Review: We've all been party to solo material by seminal UK shoegaze sorts Ride's guitarist Andy Bell, but what about their bassist? Not so much. Well, that's about to change. Enter the brooding debut solo album from Ride's low-end maestro Steve Queralt. A largely instrumental affair, there's elements of shoegaze and darkly textured soundscapes. Plus there's guest appearances from more 90s legends: Emma Anderson (formerly of Lush and Sing-Sing) and Verity Susman (Electrlane, MEMORIALS) grace the album. Anderson sings on the pummeling lead single 'Lonely Town', which was launched with an aptly monochrome meditative montage of a music video. Given the power of this debut, we suspect this nine-song collection is the first of many solo albums to come, from a musician who has nothing to prove, but plenty to express.

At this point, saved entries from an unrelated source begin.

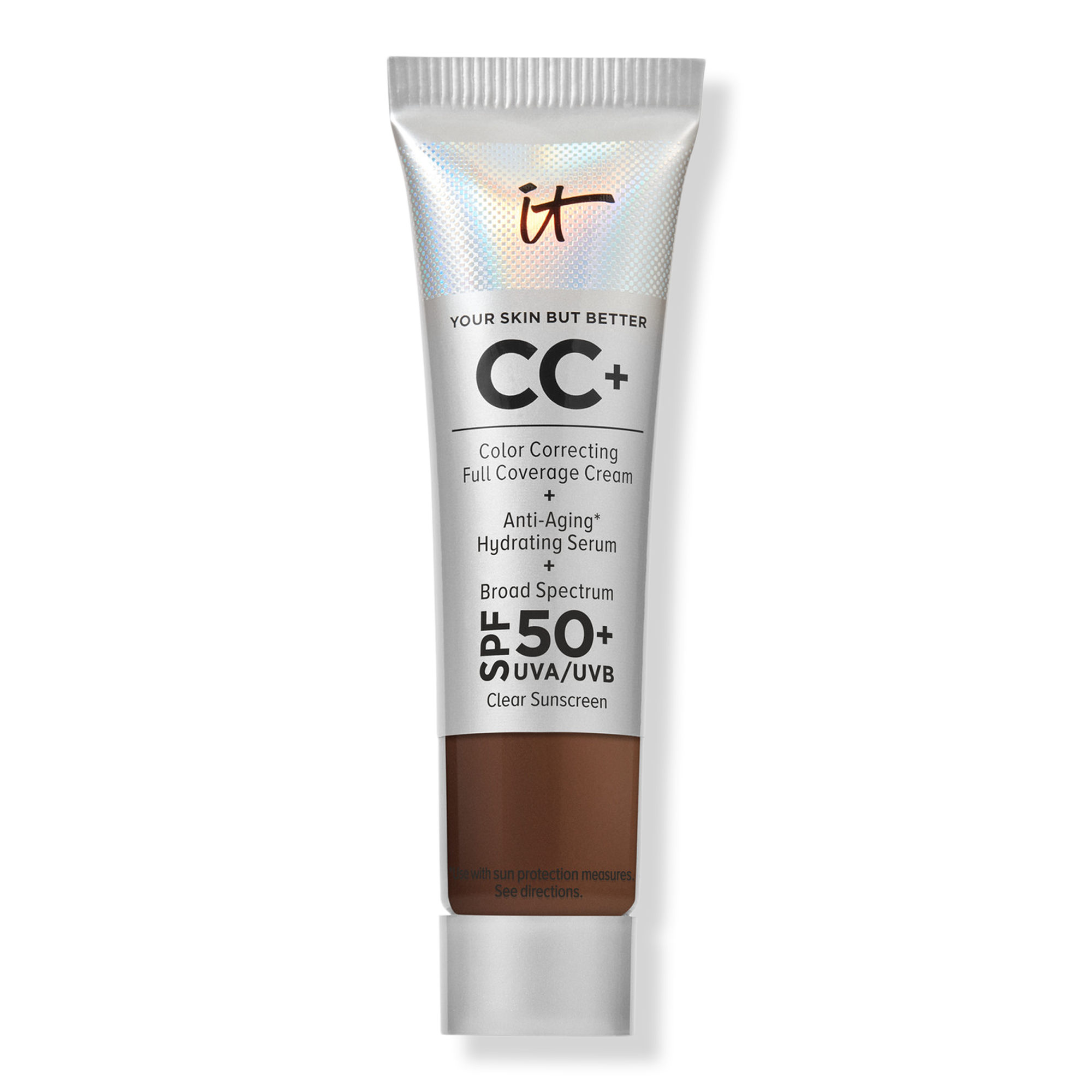 Apply 1-2 pumps of CC+ Cream with SPF 50+ to clean skin using IT Brushes For ULTA Airbrush Spatula Brush #117 or your favorite foundation brush. Can be used as your moisturizer, anti-aging serum, concealer, foundation and sunscreen, based on your coverage needs.
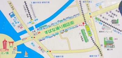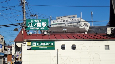 すばな通り商店街を北上すると江ノ電江ノ島駅が見えてきますが、その向こう側には湘南モノレールの湘南江の島駅の看板が見えています。
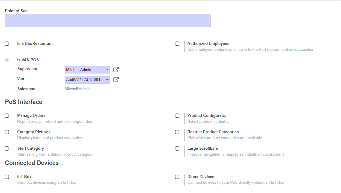 - - Einfache Konfiguration einer Verkaufsstelle als Van-Verkaufsstelle.
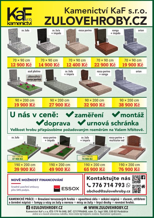 Vždy ve čtvrtek 2. 4. a 9. 4. v 10:30 – 10:50 bude na hřbitově v Dohalicích obchodní zástupce přijímat objednávky k opravám hrobů. Firma poskytuje veškeré kamenické práce.
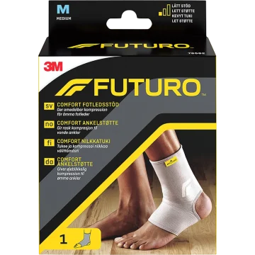 Futuro Comfort Fotled är ett fotledsstöd som kan användas i skor. Det ger stöd till svaga eller stela fotleder. Det stretchiga stickade materialet är mjuk och släpper genom luft. Fotstödet har inga skenor, utan lindrar smärta genom kompression och värme. Det finns i olika storlekar. Storleksöversikt (mät omkretsen runt hälen och ankeln): Small: 25,4-31,8 cm Medium: 31,8-38,0 cm Large: 38,0-44,5 cm
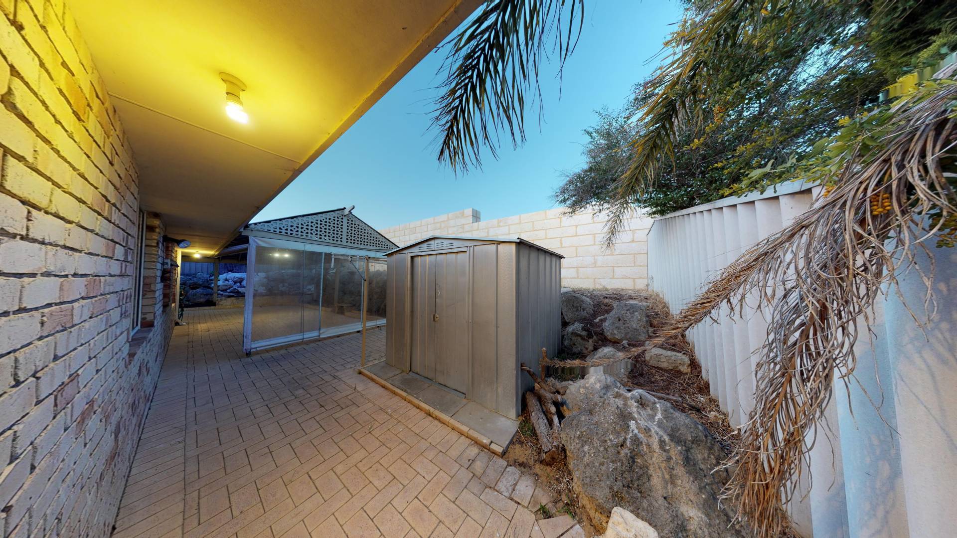 - There is also a garden shed at the rear of the property and the Alfresco also features Cafe Blinds
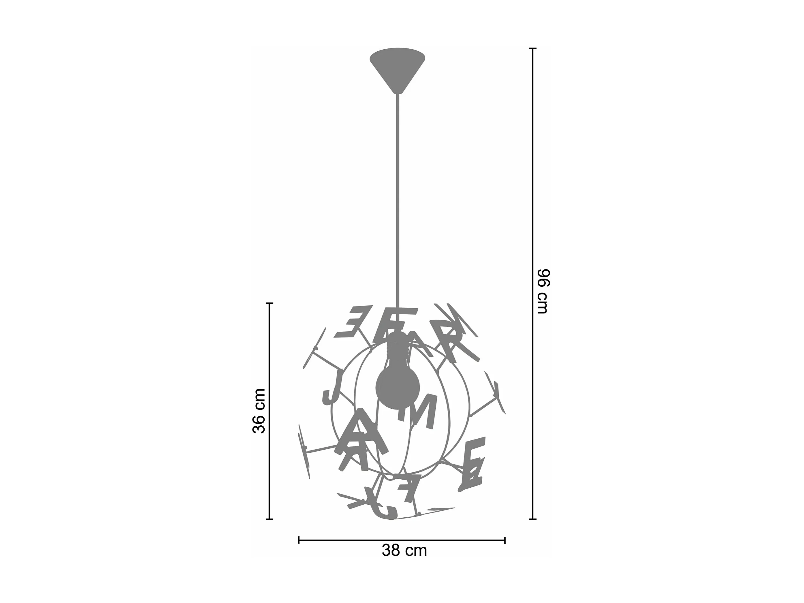 Suspension enfant globe métal,aluminium bois lettres colorés 107 cm.
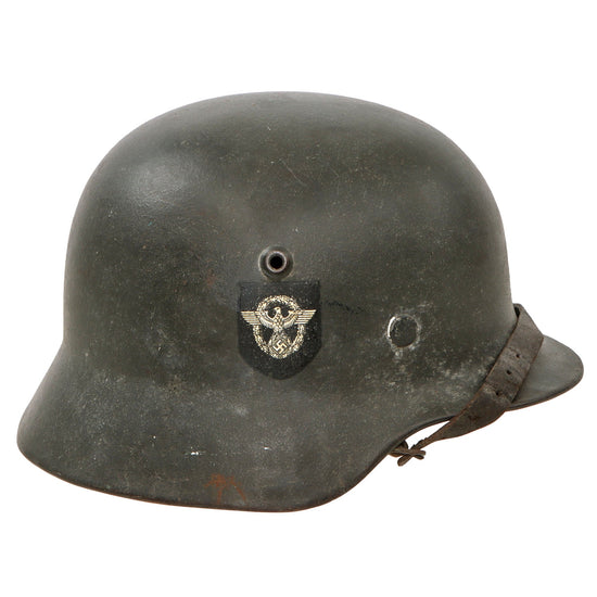 Original German WWII Extra Small Double Decal NSDAP Civic Police M40 Steel Combat Helmet with 1942 Dated 53cm Liner & Chinstrap - Stamped hkp60
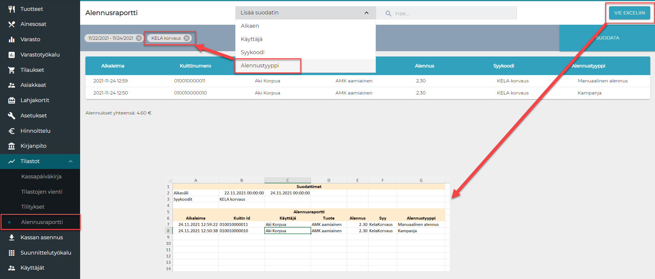 Varsinainen raportointi KELA-tuetuista aterioista saadaan alennusraportilta.

Review: Stephen Vitiello, Brendan Canty and Hahn Rowe pull strings in strange and rewarding directions on Second, the chameleonic follow-up to their 2023 debut piece First. Vitiello, having left behind a vista's trail of ambient, lowercase and electroacoustic work with the likes of Taylor Deupree and Pauline Oliveros, now sketches raw forms with Rhodes, guitar and modular gear before looping in Canty and Rowe. The former adds drums, bass and piano with typical restlessness; the latter, once of Hugo Largo, folds in bowed guitar, viola and 12-string textures. There's a thread of freeform drift here, but it's sotted in dub weight, Krautrock pulse and post-punk lean. "We're coming from three different schools," Vitiello notes. Throw in a guest spot from Animal Collective's Geologist on hurdy gurdy, and it's a strange little world built on sideways logic.